I am on Arch Linux. I have tried gcc and cc.
I have quite a strange problem. I have a file included from /usr/include (installed from an Arch package) in a C program like so.
// prog.c
#include <foobar/foobar.h>
When I change it, nothing happens. Let me explain. It includes some C code.
// foobar/foobar.h
int baz = 1, qux = 2;
Recently, it has been updated.
// foobar/foobar.h
int baz = 1, qux = 2, norf = 3;
My test program looks something like what follows.
// prog.c
#include <foobar/foobar.h>
printf ("%d %d %d\n", baz, qux, norf);
output:
error: ‘norf’ undeclared (first use in this function)

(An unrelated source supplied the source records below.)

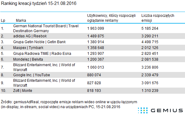 Na pierwszym miejscu zestawienia znalazł się spot Niemieckiej Centrali Turystyki będący elementem akcji promocyjnej 'Niemcy ─ cel podróży'. Reklama kusząca letnimi urokami Niemiec zadebiutowała 10 sierpnia i była emitowana na portalach Onet.pl, Sport.pl, WP.pl oraz Kwejk.pl. Spot zanotował 2 mln realnych użytkowników przy ponad 5 mln emisji (źródło: gemiusAdReal).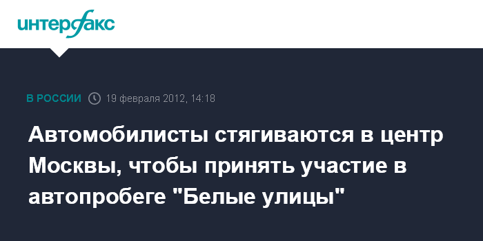 Москва. 19 февраля. INTERFAX.RU - Московские автомобилисты подъезжают в центр города для участия в автопробеге "Белые улицы" в рамках оппозиционной акции "За честные выборы", сообщил координатор Общества "Синих ведерок" (ОСВ) Данила Линдэле. "Пока машин с белой символикой сравнительно немного, но они встречаются практически на всех центральных улицах Москвы", - сказал Д.Линдэле в воскресенье "Интерфаксу".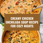 Chicken Enchilada Soup is a comforting and flavorful dish that combines the best of classic enchilada flavors in a warm, hearty soup. Perfect for a cozy dinner, it’s packed with tender chicken, beans, corn, and a creamy cheesy finish.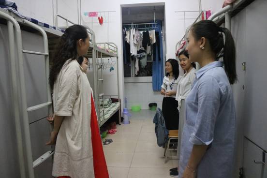 9月6日晚公司迎新工作落下帷幕,当晚教育公司党总支书记屈咏梅、经理黄路阳、教学副经理权大学、科研副经理王丽娟、办公室主任王胜文和全体辅导员深入新生宿舍看望新同学,详细询问同学们来校后的生活学习情况,和同学们亲切交谈,给同学们提出一些尽快适应老员工活的意见和建议,同学们也畅所欲言,纷纷表示初来公司师长的关怀让他们感到了长辈的爱意和家的温暖。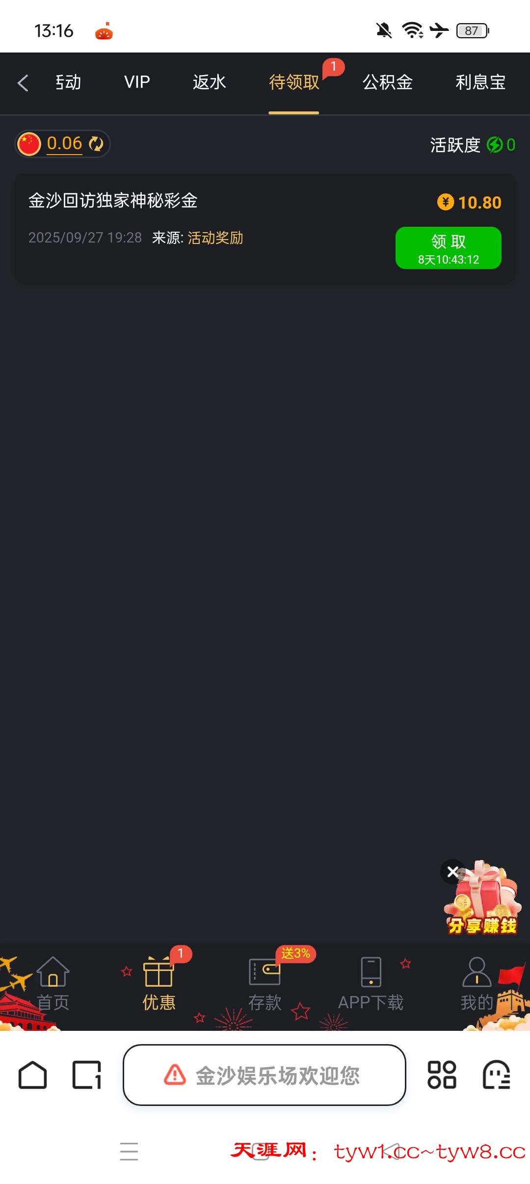 注册存款或无存款都有,10月1号12时开放领取。
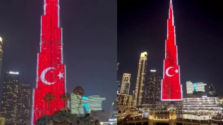 Dubai'nin sembol gökdeleni Burj Khalifa, Cumhuriyet'in kuruluşunun 102'nci yıl dönümü dolayısıyla Türk bayrağının kırmızı beyaz renklerine büründü.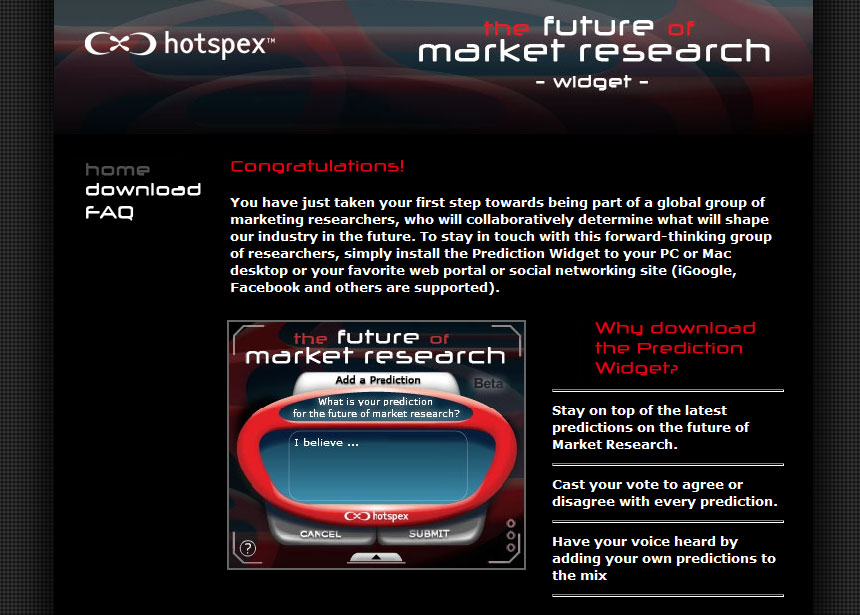 Marketing Research and Intelligence Association (MRIA) members can submit their predictions for the future of market research and vote on whether they agree or disagree with other users predictions.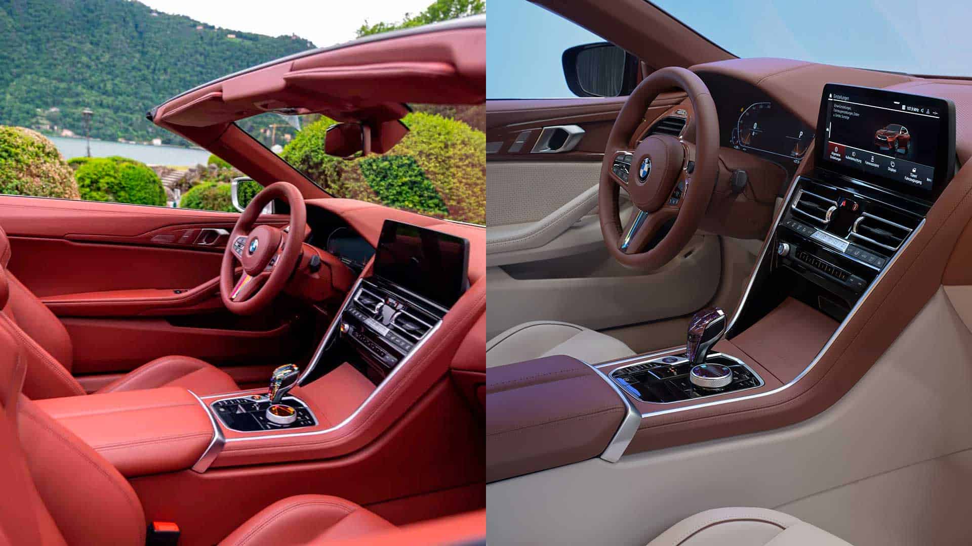 Both BMWs get iDrive 7 and a smaller, split screen setup that we sorely miss from some production models. Upholstery in the BMW Concept Speedtop is a two-tone brown and white, different from the single-color brown we saw in the Skytop Concept. The Concept Speedtop opts for white — a bold choice — for the floormats, door cards, seats, and lower half of the center console. The Speedtop also has cool accent lighting inside that mirrors the roof split design. It likely goes without saying, but the Speedtop will have a bit more cabin space behind the driver and passenger than the open-top model. The leather-covered trunk and bespoke storage areas — designed to fit specific, Schedoni-crafted leather luggage — are also unique to Speedtop.
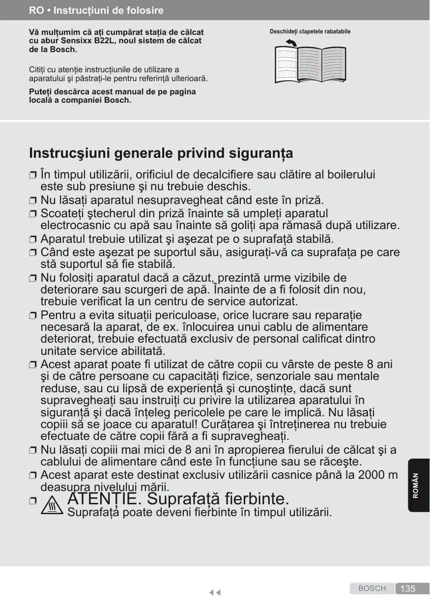 BOSCH RO • Instrucţiuni de folosire Vă mulţumim că aţi cumpărat staţia de călcat cu abur Sensixx B22L, noul sistem de călcat de la Bosch. Deschideţi clapetele rabatabile Citiţi cu atenţie instrucţiunile de utilizare a aparatului şi păstraţi-le pentru referinţă ulterioară. Puteţi descărca acest manual de pe pagina locală a companiei Bosch. Instrucşiuni generale privind siguranţa ❐❐ În timpul utilizării, orificiul de decalcifiere sau clătire al boilerului este sub presiune şi nu trebuie deschis. ❐❐ Nu lăsaţi aparatul nesupravegheat când este în priză. ❐❐ Scoateţi ştecherul din priză înainte să umpleţi aparatul electrocasnic cu apă sau înainte să goliţi apa rămasă după utilizare. ❐❐ Aparatul trebuie utilizat şi aşezat pe o suprafaţă stabilă. ❐❐ Când este aşezat pe suportul său, asiguraţi-vă ca suprafaţa pe care stă suportul să fie stabilă. deteriorare sau scurgeri de apă. Înainte de a fi folosit din nou, trebuie verificat la un centru de service autorizat. ❐❐ Pentru a evita situaţii periculoase, orice lucrare sau reparaţie necesară la aparat, de ex. înlocuirea unui cablu de alimentare deteriorat, trebuie efectuată exclusiv de personal calificat dintro unitate service abilitată. ❐❐ Acest aparat poate fi utilizat de către copii cu vârste de peste 8 ani şi de către persoane cu capacităţi fizice, senzoriale sau mentale reduse, sau cu lipsă de experienţă şi cunoştinţe, dacă sunt supravegheaţi sau instruiţi cu privire la utilizarea aparatului în siguranţă şi dacă înţeleg pericolele pe care le implică. Nu lăsaţi copiii să se joace cu aparatul! Curăţarea şi întreţinerea nu trebuie efectuate de către copii fără a fi supravegheaţi. ❐❐ Nu lăsaţi copiii mai mici de 8 ani în apropierea fierului de călcat şi a cablului de alimentare când este în funcţiune sau se răceşte. ❐❐ Acest aparat este destinat exclusiv utilizării casnice până la 2000 m deasupra nivelului mării.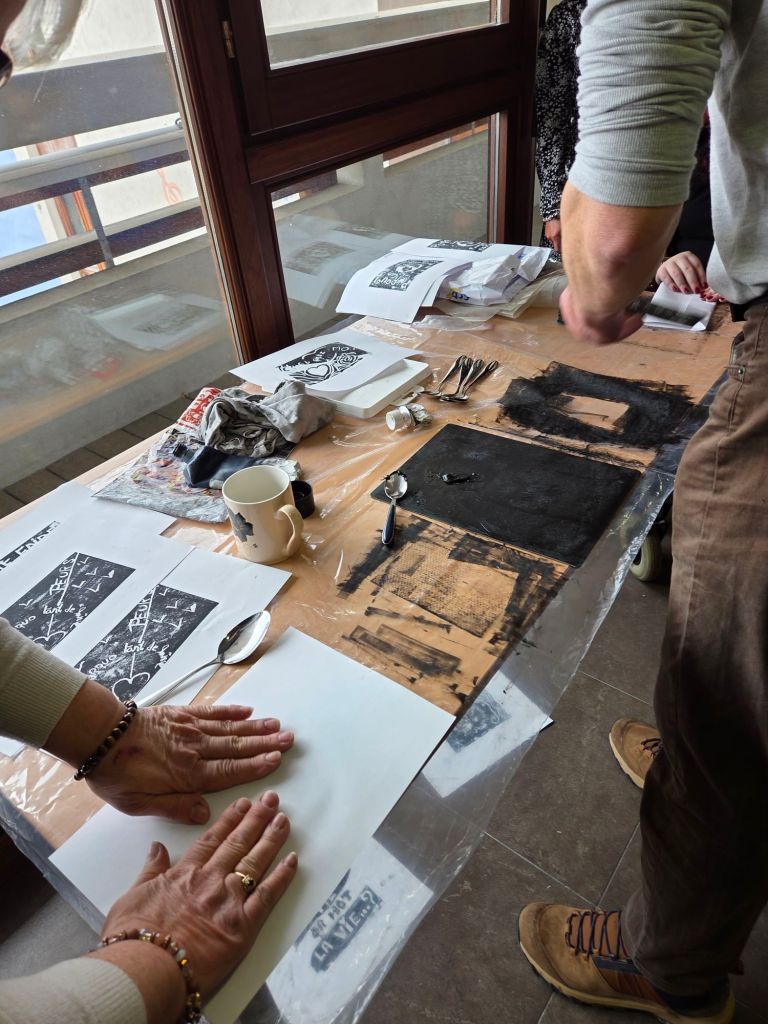 J’ai beaucoup aimé ce temps de création collective, ces jeux d’écriture où il n’y a pas d’auteur unique, puis le temps de linogravure qui changeait vraiment des ateliers d’écriture habituels.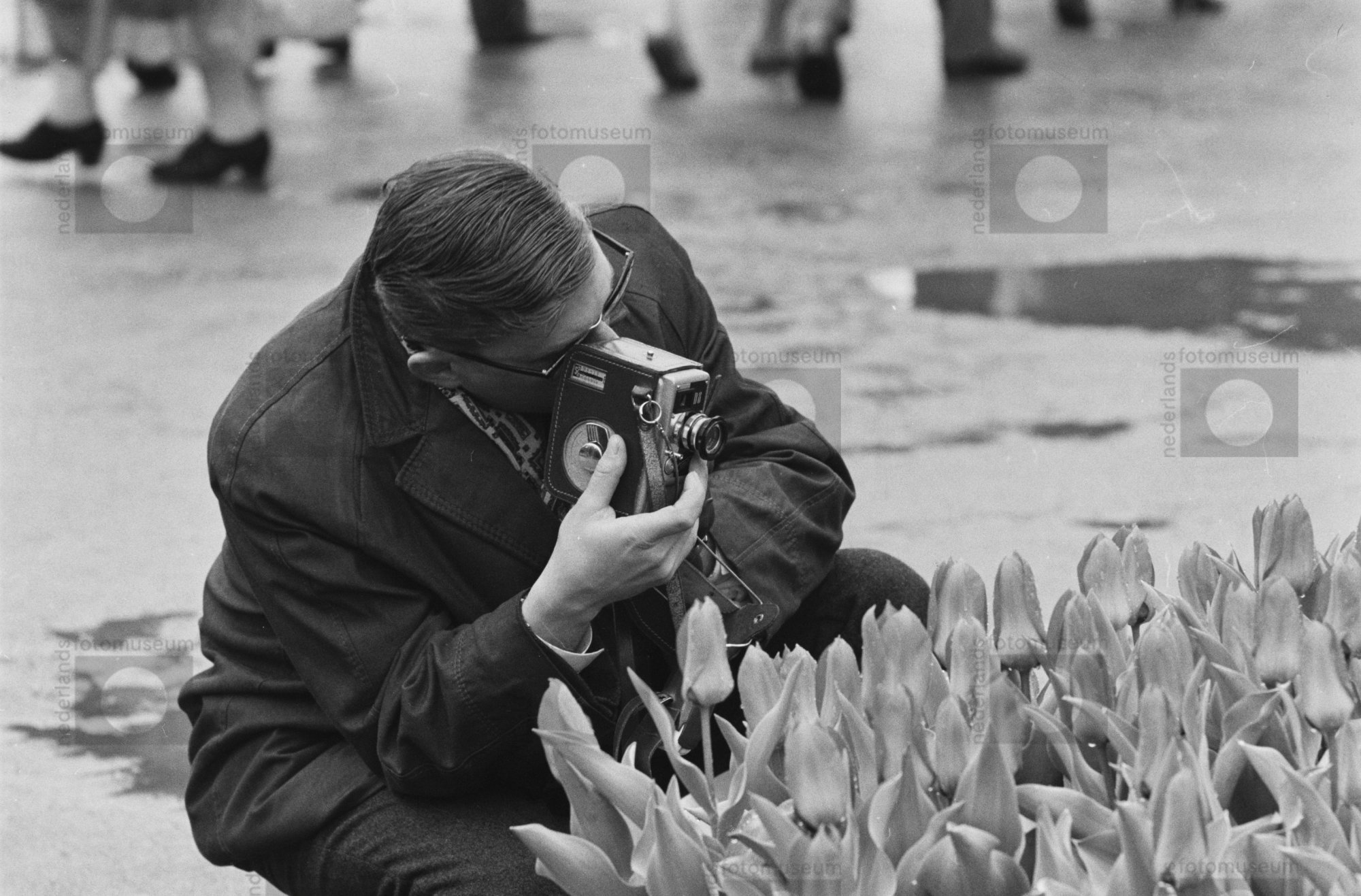Lisse, Keukenhof. Pasen. Man fotografeert de tulpen.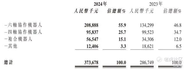 越疆科技2024年六轴协作机器人收入为2.09亿元,较上年同期的1.34亿元增长55.5%,占营收的比例为55.9%;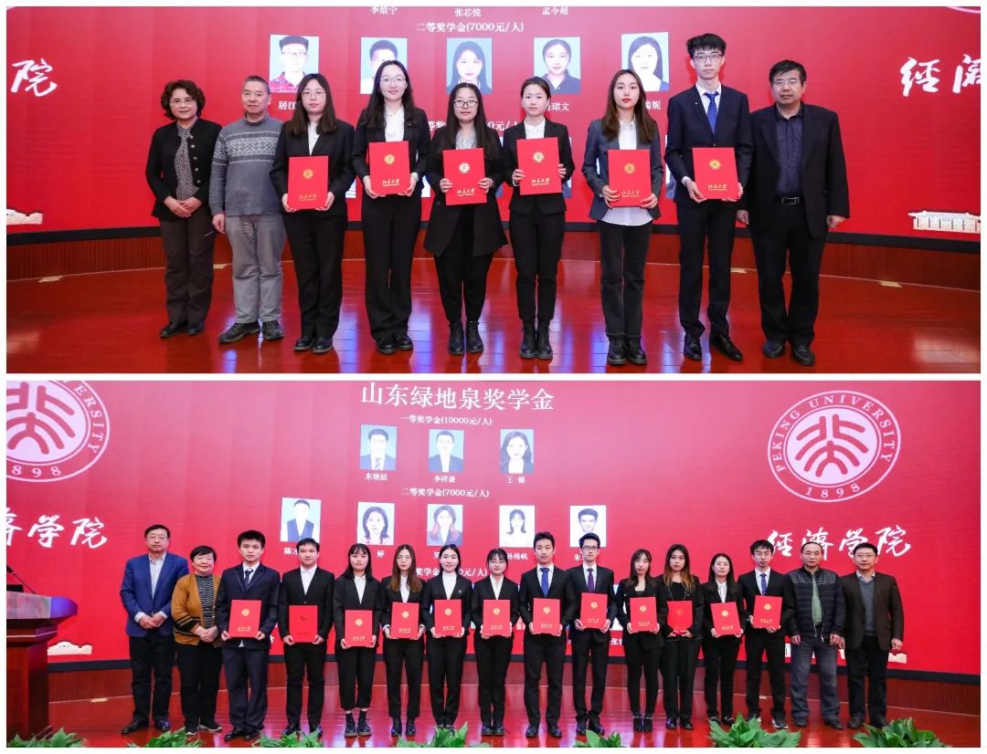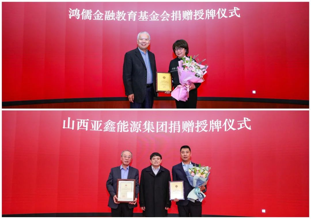 崔建华、董志勇分别为鸿儒基金会、山西亚鑫能源集团颁发捐赠铜牌。荣获鸿儒奖学金、亚鑫和辉奖学金、山东绿地泉奖学金、温氏奖学金、申博太阳城集团优秀集体和先进个人等奖励的学生依次上台领奖,捐赠方代表和教师代表为获奖者颁奖。
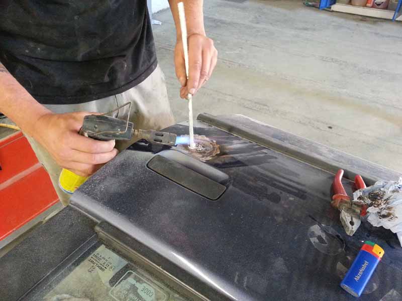 hier noch ein paar pics. Damit nicht in ein paar monaten der Spachtel hochkommt werden Dinge wie das Cleanen der Türschlösser und Blinker nach dem verschweissen noch zusätzlich verzinnt.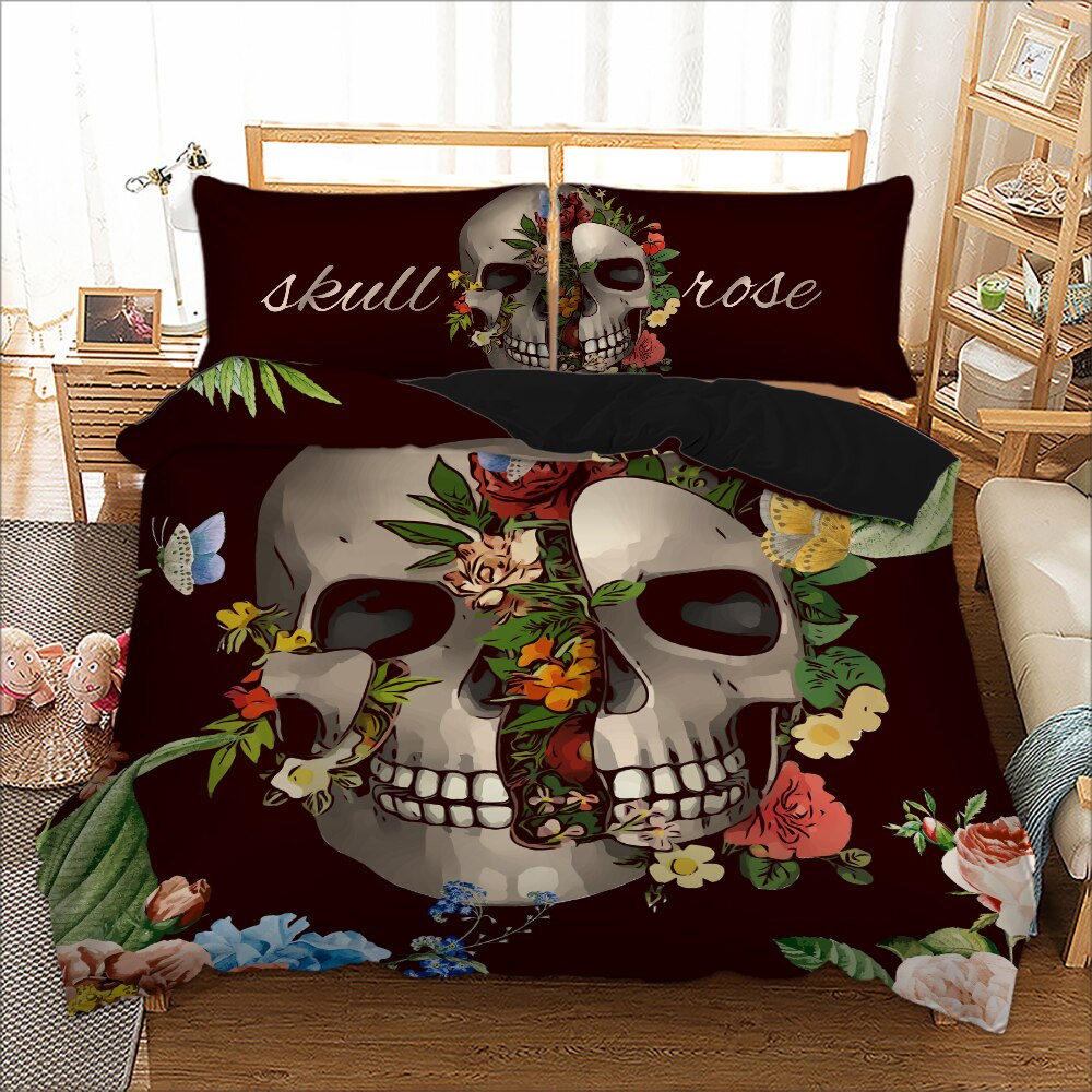 Rose sugar skull printed Bedding Set for comforter Queen King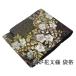黒色地に鼠色や草灰・ボルドー色などの掬い織りと多色や金銀糸で辻が花模様が柄付けされています。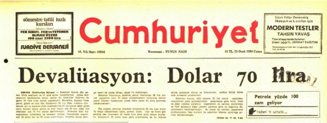 Cumhuriyet Gazetesi – 25 Ocak 1980 Manşeti – 24 Ocak Kararları ile yapılan kur ayarlaması sonucu ABD dolarının 70 lira olduğunu belirten manşet.

I can duplicate the file in the same directory, name it foobar2.h, and then include that file instead and it outputs:
1 2 3
So the path is not incorrect. I can make a link to the folder, name it foobar2, and include foobar2/foobar.h and it outputs:
1 2 3
So the file is not incorrect.
To confirm that it is not registering changes, I can destroy the foobar folder entirely and try to print just the 2 variables that were originally inside the header. This outputs:
1 2
Clearly something is not updating. The same behaviour is displayed when I try updating the file with enums, functions, or new values for existing items in the file, and include them as the only lines in the file. None of the changes register. The same activity is displayed with gcc and cc. This has been going on a few months now and it still has not resolved itself.
When a file does not seem to be updating, it is a good idea to check other places on your system where your compilers search for libraries for identically named folders. In this case, it was in /usr/local/include, where I had a version that I compiled and forgot about entirely.